L’une des forces du Conditional Access Framework v4 est de ne pas commencer par des règles.
Il commence par des personas.

Ce choix peut sembler anodin, mais il est en réalité structurant. Dans beaucoup d’environnements, l’accès conditionnel s’est construit à l’envers : une règle pour un incident, une autre pour une recommandation d’audit, puis une troisième pour “être tranquille”. Au fil du temps, on obtient un empilement de politiques difficiles à lire, difficiles à expliquer, et surtout difficiles à faire évoluer sans risque.

Le framework prend le problème à la racine. Avant de parler de conditions, de contrôles ou de paramètres, il pose une question simple : qui est en train de se connecter ? Et, implicitement : quel est le niveau de risque acceptable pour cette identité-là.

Les personas ne sont donc pas une abstraction théorique. Elles sont le mécanisme qui permet d’éviter que toutes les identités soient traitées comme si elles présentaient le même niveau d’exposition.

Un persona n’est pas un rôle, ni un groupe métier

Il est important de lever un malentendu fréquent.

Dans le cadre du Conditional Access Framework, un persona n’est ni un rôle RH, ni un groupe fonctionnel, ni une classification organisationnelle.
Un persona représente un profil de risque et d’exposition, vu uniquement sous l’angle de l’identité et de l’accès.

Il répond à des questions très concrètes :

  • Quel est l’impact si ce compte est compromis ?
  • À quelle fréquence est-il utilisé ?
  • Dans quels contextes techniques s’authentifie-t-il ?
  • Quelle friction peut-on raisonnablement imposer à l’authentification ?
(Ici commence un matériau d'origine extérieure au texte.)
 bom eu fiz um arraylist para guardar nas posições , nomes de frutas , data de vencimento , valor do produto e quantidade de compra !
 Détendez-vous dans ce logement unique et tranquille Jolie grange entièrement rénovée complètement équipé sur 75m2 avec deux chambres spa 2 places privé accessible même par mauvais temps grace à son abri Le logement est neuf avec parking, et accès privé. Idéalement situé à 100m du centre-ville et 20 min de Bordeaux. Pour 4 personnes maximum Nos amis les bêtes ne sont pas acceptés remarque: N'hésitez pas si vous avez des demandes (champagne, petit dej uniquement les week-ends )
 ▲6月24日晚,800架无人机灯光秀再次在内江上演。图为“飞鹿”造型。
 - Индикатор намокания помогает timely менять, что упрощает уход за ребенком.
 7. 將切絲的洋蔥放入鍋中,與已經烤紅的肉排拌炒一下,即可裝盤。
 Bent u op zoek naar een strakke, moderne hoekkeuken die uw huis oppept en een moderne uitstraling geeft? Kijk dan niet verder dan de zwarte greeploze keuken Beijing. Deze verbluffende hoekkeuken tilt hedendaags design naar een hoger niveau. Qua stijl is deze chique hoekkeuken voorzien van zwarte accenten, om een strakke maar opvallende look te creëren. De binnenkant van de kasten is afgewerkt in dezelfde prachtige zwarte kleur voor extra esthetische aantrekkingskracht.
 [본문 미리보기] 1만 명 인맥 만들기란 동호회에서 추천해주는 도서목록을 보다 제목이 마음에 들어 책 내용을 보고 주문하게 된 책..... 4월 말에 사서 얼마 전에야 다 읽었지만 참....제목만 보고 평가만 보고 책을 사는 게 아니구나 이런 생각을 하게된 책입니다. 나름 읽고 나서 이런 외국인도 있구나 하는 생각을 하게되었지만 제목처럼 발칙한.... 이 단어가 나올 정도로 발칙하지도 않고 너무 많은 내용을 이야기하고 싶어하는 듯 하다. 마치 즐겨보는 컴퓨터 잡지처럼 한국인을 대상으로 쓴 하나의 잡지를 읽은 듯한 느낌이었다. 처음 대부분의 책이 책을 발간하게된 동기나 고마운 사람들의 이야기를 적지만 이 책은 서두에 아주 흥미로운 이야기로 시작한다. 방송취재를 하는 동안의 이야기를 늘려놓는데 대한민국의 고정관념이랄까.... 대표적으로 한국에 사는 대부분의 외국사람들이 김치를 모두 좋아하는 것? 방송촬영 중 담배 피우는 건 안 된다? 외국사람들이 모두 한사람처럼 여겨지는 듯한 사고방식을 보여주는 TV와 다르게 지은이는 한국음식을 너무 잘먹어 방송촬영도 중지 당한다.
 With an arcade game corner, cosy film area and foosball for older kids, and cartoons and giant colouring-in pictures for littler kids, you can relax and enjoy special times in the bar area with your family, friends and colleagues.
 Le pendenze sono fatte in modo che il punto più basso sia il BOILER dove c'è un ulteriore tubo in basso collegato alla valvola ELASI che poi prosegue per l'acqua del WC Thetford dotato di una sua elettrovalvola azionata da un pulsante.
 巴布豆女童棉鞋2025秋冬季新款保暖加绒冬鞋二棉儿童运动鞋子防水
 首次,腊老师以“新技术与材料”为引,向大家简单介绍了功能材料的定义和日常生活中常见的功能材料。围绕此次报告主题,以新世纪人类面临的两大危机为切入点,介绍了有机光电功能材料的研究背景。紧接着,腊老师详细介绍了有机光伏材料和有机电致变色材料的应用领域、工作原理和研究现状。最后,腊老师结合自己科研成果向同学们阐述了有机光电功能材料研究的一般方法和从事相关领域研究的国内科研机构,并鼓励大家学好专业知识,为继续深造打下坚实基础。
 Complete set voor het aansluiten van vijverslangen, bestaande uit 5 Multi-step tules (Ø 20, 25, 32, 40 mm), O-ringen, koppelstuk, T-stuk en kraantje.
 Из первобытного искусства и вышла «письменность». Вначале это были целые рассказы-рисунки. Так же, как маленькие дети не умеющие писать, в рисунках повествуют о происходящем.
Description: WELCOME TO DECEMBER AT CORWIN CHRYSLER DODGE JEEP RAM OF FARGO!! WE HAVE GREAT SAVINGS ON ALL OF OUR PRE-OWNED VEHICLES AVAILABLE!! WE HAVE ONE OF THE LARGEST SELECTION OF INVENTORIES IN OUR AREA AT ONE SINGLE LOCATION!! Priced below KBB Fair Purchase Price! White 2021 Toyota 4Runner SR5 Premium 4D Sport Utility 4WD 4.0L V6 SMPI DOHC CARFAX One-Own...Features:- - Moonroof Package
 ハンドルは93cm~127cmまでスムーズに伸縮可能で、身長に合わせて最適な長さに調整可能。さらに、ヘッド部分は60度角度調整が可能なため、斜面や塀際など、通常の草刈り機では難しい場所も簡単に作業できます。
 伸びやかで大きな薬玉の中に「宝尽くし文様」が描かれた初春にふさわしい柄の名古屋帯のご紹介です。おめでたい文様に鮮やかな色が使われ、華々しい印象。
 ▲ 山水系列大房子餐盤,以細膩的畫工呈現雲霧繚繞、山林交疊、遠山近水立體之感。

C’est pour cette raison que le framework raisonne en personas techniques. Une même personne peut d’ailleurs appartenir à plusieurs personas selon les comptes qu’elle utilise : un compte standard pour le quotidien, un compte à privilèges pour l’administration, voire un compte de secours qu’elle n’utilise qu’en dernier recours.

Des identités aux profils de risque fondamentalement différents

Les personas du framework

Traiter toutes les identités de la même façon revient à nier des différences de risque pourtant évidentes.
Un compte utilisé dix fois par jour depuis un poste maîtrisé n’a rien à voir avec un compte administrateur, un compte invité ou une identité applicative.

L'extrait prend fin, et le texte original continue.